**INFORMATION PROVIDED:**
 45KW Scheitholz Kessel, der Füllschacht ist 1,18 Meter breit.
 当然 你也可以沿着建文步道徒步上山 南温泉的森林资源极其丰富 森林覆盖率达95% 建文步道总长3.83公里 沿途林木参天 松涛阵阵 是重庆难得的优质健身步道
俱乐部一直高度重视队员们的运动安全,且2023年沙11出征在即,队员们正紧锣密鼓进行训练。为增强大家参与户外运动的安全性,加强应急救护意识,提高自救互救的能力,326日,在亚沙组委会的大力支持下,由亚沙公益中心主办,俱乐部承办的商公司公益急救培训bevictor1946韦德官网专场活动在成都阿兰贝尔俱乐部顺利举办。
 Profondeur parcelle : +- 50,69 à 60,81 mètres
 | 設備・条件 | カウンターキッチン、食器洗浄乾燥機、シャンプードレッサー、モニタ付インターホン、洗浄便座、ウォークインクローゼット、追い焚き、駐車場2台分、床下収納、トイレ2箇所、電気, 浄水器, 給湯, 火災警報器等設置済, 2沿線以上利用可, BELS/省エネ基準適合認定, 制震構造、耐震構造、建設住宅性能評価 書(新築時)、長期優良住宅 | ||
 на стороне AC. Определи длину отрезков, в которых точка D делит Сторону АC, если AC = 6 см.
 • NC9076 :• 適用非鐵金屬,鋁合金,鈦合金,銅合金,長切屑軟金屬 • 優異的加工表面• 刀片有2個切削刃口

--

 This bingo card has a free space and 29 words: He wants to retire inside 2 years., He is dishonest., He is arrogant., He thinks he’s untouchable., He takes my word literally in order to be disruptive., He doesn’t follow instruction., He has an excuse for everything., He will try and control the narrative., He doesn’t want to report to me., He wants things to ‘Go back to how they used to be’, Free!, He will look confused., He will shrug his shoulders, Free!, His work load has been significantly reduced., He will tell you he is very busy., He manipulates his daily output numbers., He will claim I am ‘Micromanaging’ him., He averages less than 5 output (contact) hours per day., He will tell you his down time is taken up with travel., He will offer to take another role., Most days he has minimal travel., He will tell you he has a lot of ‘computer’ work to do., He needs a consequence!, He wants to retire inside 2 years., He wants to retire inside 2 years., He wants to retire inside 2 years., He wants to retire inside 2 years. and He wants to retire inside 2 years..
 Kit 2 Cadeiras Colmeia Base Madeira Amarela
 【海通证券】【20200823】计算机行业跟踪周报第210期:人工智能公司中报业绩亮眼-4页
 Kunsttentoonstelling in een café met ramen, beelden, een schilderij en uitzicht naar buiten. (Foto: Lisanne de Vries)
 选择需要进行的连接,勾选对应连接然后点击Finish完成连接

--

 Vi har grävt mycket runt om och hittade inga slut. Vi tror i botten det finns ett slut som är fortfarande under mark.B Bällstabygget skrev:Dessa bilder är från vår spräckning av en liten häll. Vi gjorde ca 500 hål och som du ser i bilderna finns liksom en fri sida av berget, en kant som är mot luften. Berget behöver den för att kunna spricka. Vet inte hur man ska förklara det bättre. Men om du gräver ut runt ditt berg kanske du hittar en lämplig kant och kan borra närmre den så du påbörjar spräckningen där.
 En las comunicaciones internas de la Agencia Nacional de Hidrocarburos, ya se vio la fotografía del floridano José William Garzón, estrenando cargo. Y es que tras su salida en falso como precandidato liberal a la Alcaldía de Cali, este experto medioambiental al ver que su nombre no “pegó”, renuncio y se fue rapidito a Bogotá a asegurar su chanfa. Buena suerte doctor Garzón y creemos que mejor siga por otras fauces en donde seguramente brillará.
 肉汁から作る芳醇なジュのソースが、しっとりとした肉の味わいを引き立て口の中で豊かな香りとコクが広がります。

**PROBLEM TO WORK ON:** In the listing above, find the line with "Kunsttentoonstelling in een" and the line with "选择需要进行的连接,勾选对应连接然后点击Finish完成连接"; output exactly those lines and all lines between them.

**SOLUTION TO THIS PROBLEM:**
 Kunsttentoonstelling in een café met ramen, beelden, een schilderij en uitzicht naar buiten. (Foto: Lisanne de Vries)
 选择需要进行的连接,勾选对应连接然后点击Finish完成连接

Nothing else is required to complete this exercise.